The same cannot be said for §1028A(a)(1), though. There are an uncountable number of ways in which an individual could “us[e]” the “means of identification” of another to commit fraud. That list covers everything from including a victim’s name in the subject line of a fraudulent email; to misrepresenting information on a loan form involving a cosigner; to putting on a wig and walking into a bank with a fake ID. And no obvious neutral rule exists to separate those “uses” that violate §1028A(a)(1) from others that do not. In this way, §1028A(a)(1) is not just an “ambiguous” statute—“one that does define prohibited conduct with some precision, but [that] is subject to two or more different interpretations.” J. Decker, Addressing Vagueness, Ambiguity, and Other Uncertainty in American Criminal Laws, 80 Denver U. L. Rev. 241, 261 (2002) (emphasis added). Instead, it is a vague statute—one that “does not satisfactorily define the proscribed conduct” at all. Id., at 260–261.

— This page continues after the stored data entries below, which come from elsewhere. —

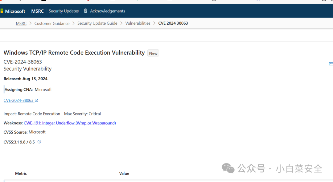 漏洞通告| Windows TCP/IP 远程代码执行漏洞CVE-2024-38063
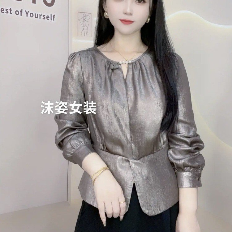高級の底のシャツの女性の新型のキラキラ光る春と秋のファッションはやせています。
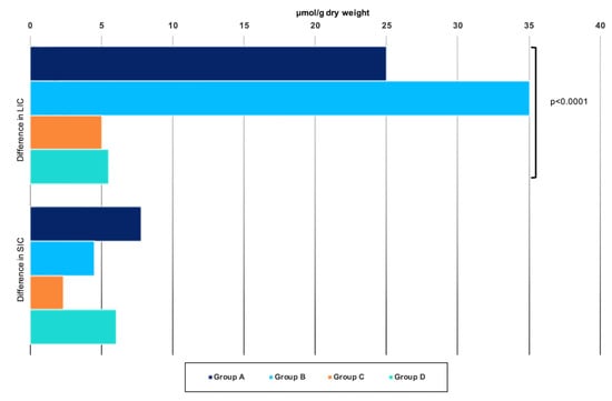 SIC by qMRI was similar before iron therapy in the four groups of patients (p = 0.799, Kruskal–Wallis test). The increase in SIC after iron therapy was less than the increase in LIC and only concerned patients in groups A and D (Table 2 and Figure 3). Similarly, the absolute difference in SIC (measured as SIC after iron therapy minus SIC before IV iron) was smaller in magnitude than that observed for LIC (Table 2 and Figure 2).

I do not write this opinion as wishcasting. Perhaps, by applying the Court’s “crux” test, lower courts will achieve a consistency that has, to date, eluded them. Or perhaps they will, prompted by today’s decision, locate a previously unseen path through this statutory quagmire. But I would not hold my breath. Section 1028A(a)(1) simply does too little to specify which individuals deserve the inglorious title of “aggravated identity thief.” That is a problem Congress alone can fix. Until it does, I fear the issues that have long plagued lower courts will persist. And I will not be surprised if someday, maybe someday soon, they find their way back here.